As mentioned earlier, foals are born with low iron stores and are the only category under normal circumstances where iron deficiency could cause anaemia. Iron is not normally high in milk, but it is very bio-available. There is also strong evidence to suggest that foals need to obtain iron from the environment, specifically soil, to avoid anaemia when young:
J Vet Intern Med. 2001 Sep-Oct;15(5):482-5.
Iron deficiency in stabled Dutch warmblood foals.
Brommer H, Sloet van Oldruitenborgh-Oosterbaan MM. Department of Equine Sciences, Faculty of Veterinary Medicine, Utrecht University, The Netherlands. H.Brommer@vet.uu.nl Abstract Forty-three
Dutch Warmblood foals were divided at random into 3 rearing groups immediately after birth: a box-rest group, a box-rest with exercise group, and a pasture group. All stabled foals (box-rest and exercise groups) were fed freshly cut grass harvested from the same pastures on which the pasture group foals were grazing. Blood samples were obtained monthly for CBC and biochemical analyses. At 1-3 months of age, the foals at pasture were active but the foals in the box-rest and exercise groups were listless. Mean hemoglobin concentrations, PCVs, blood iron concentrations, and saturation of total iron binding capacity were significantly lower (P < .05) in the box-rest group (11.3+/-1.2 g/dL, 33+/-3%, 123+/-67 microg/dL, and 18+/-9%) and the exercise group (11.6+/-1.5 g/dL, 34+/-4%, 101+/-61 microg/dL, and 15+/-10%) compared with the pasture group (14.0+/-0.8 g/dL, 42+/-3%, 212+/-67 microg/dL, and 32+/-10%). Oral supplementation of iron to all foals resulted in significant increases in the values of these variables in the box-rest group and exercise group at 4-5 months of age, and the stabled foals were as active as the foals at pasture. In the pasture group, no significant changes occurred. Management practices clearly influence the iron state in young growing foals from 1 to 3 months of age, and although not a frequent cause of anaemia in the horse, an absolute deficit of body iron may occur in stabled foals fed freshly cut grass.

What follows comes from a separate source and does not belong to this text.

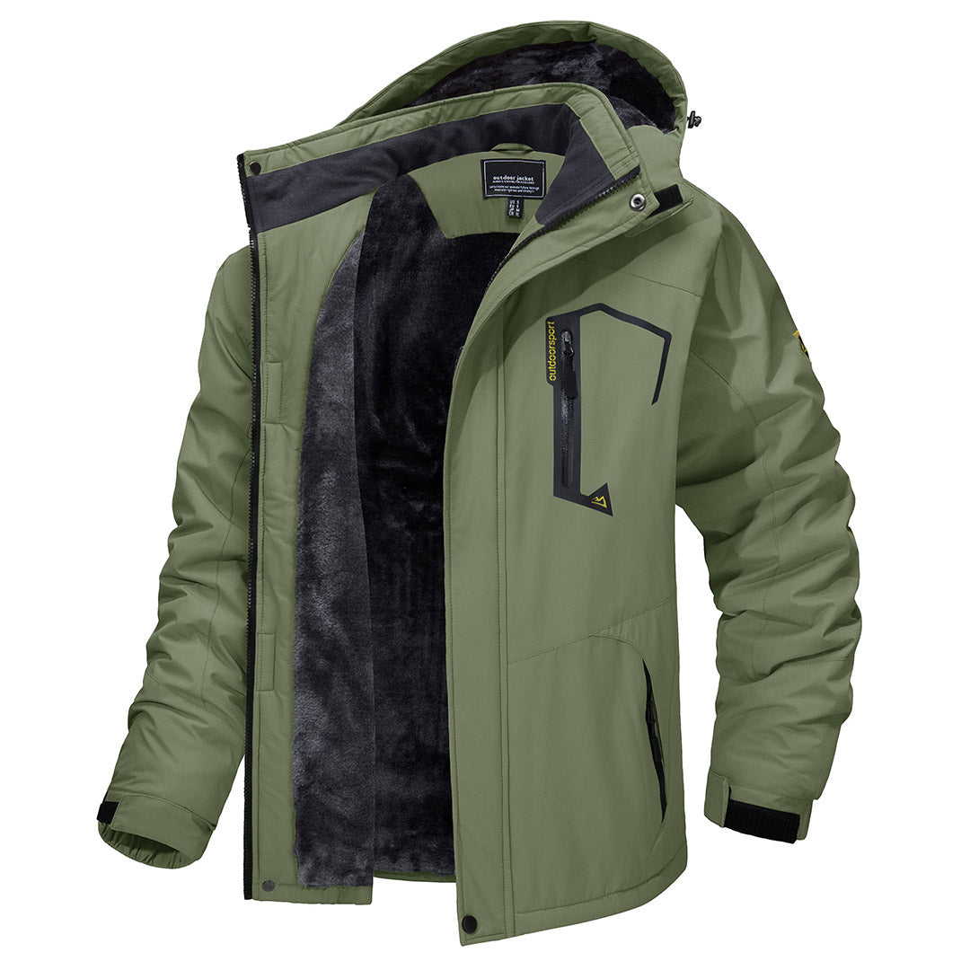 Men's Windproof Fleece Lined Ski Jacket with Multiple Pockets

I should mention here that if the foals had been fed hay rather than freshly hand-cut grass there may not have been a problem. Most hay is contaminated to some extent with dirt.
A diet-related iron deficiency anaemia has never been found in an adult horse, and horses do not respond to iron supplementation with improved haemoglobin or red cell counts.
Once absorbed, there is virtually no avenue for iron excretion. Once iron is absorbed, it cycles very efficiently between haemoglobin and a few iron-containing enzymes, and storage depots for iron, primarily in the spleen and liver.
- Iron deficiency as a cause of equine anaemia is virtually nonexistent in horses.
- Iron overload is fairly common and can contribute to anaemia in horses by causing oxidative stress.
- Deficiency of copper is common and can cause equine anaemia by interfering with recycling of iron in the body.
- Deficiencies of zinc, copper, vitamin E and selenium can compromise antioxidant defense systems and contribute to horse anaemia related to oxidative stress.